- Origin: London, England
- Genres: A cappella, musical theatre, classical, film, television
- Labels: Signum Records, Champs Hill Records, TLQ Records, Spare Parts
- Website: www.thelondonquartet.com

= Cantabile (group) =

British a cappella vocal quartet

Cantabile - The London Quartet is a British a cappella vocal quartet.

==History==
They were formed as a student group whilst studying at Cambridge University in 1977. Initially their influences were The King’s Singers and The Songs of Yale, but they soon developed their own unique style of musical comedy.
They turned professional in 1982 shortly before appearing in Blondel, which ran for 399 performances in London’s West End.

Even at their outset, they were more associated with the Cambridge Footlights than the chapel choirs, and theatricality and humour have always been a great part of their appeal. They won a Wavendon Allmusic Award from John Dankworth and Cleo Laine for breaking down the barriers between musical genres.

==Activities==
The group is known in many territories as The London Quartet.
Their touring schedule takes them to Europe, North America and the Far East, and sometimes further afield.

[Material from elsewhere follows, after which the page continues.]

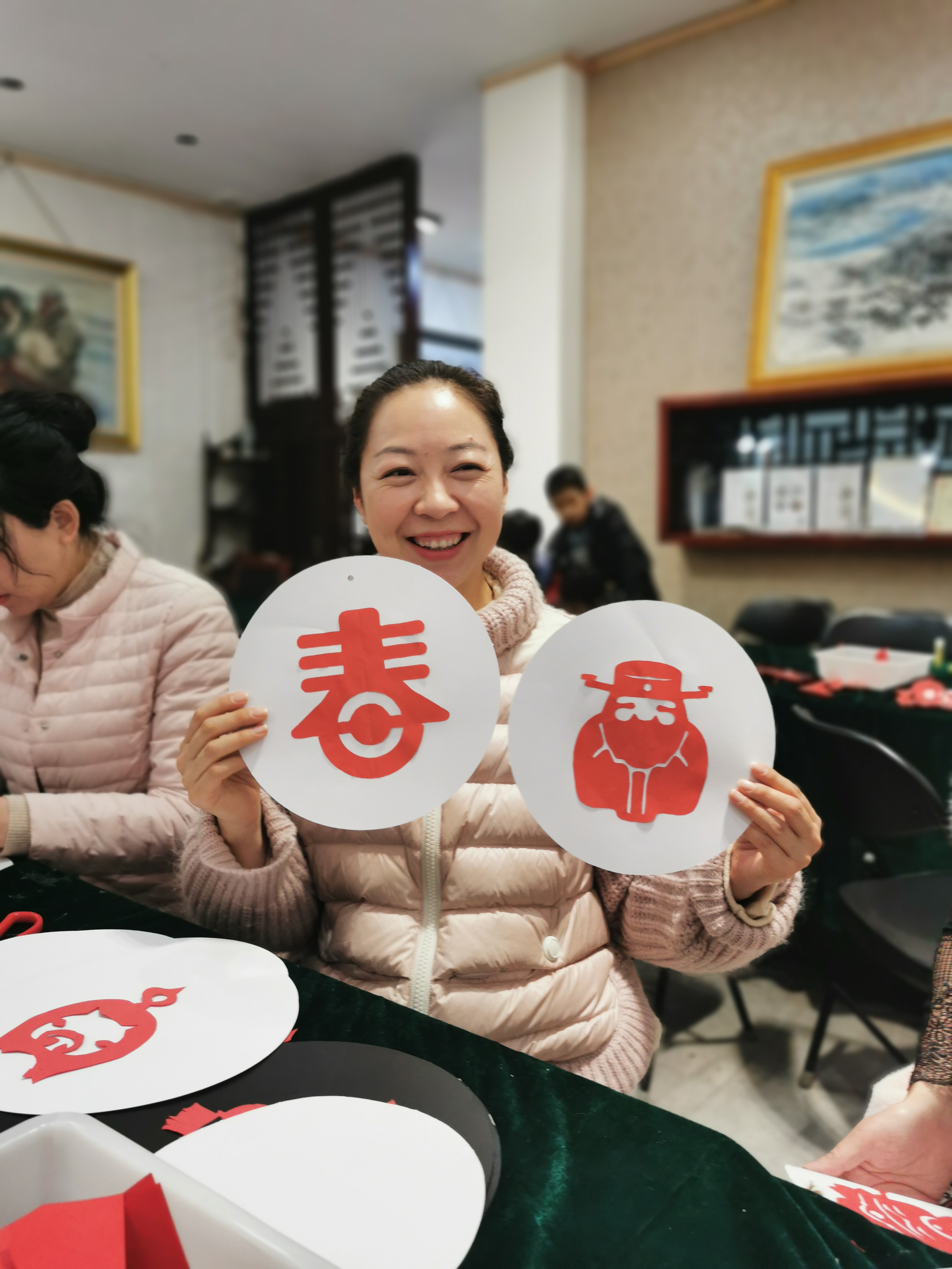 剪紙表現(xiàn)了中華民族淳厚雋永的民情與民風(fēng),是中國民間最為流行的一種藝術(shù)形式。為了讓大家學(xué)習(xí)、傳承這種極具傳統(tǒng)色彩的藝術(shù),蕓雅讀書社組織了學(xué)習(xí)剪紙的活動。現(xiàn)場,大家用剪刀在紅紙上剪出福、祿、壽、喜和各種圖案,極具喜慶吉祥的寓意,讓人們感受到了傳統(tǒng)新年的熱鬧。②8

When Cantabile first visited Austria in the late 1970s, they were compared to German vocal group from the 1930s, The Comedian Harmonists.

In the UK, they have appeared in many theatres and concert halls, on BBC1, BBC2, ITV1, Channel 4, S4C and Channel 5 and on BBC Radios 1, 2, 3, 4, 5 and 4extra, BBC Radio London, and Classic FM. They were the resident vocal group on BBC Radio Two series Kenneth Williams Cabaret in the 1980s.
They had a BBC Radio 2 series accompanied by the BBC Big Band, conducted by Barry Forgie, entitled Cantabile sing, The Big Band Swing in the 1990s, playing music by George Gershwin, Harry Warren, Duke Ellington, Billy Strayhorn and Rodgers and Hart.

They were long associated with Tim Rice, and appeared as the Consuls in Embassy Lament in Chess in Concert at the Royal Albert Hall May 12–13, 2008, alongside Josh Groban, Idina Menzel, Kerry Ellis, Adam Pascal and Marti Pellow.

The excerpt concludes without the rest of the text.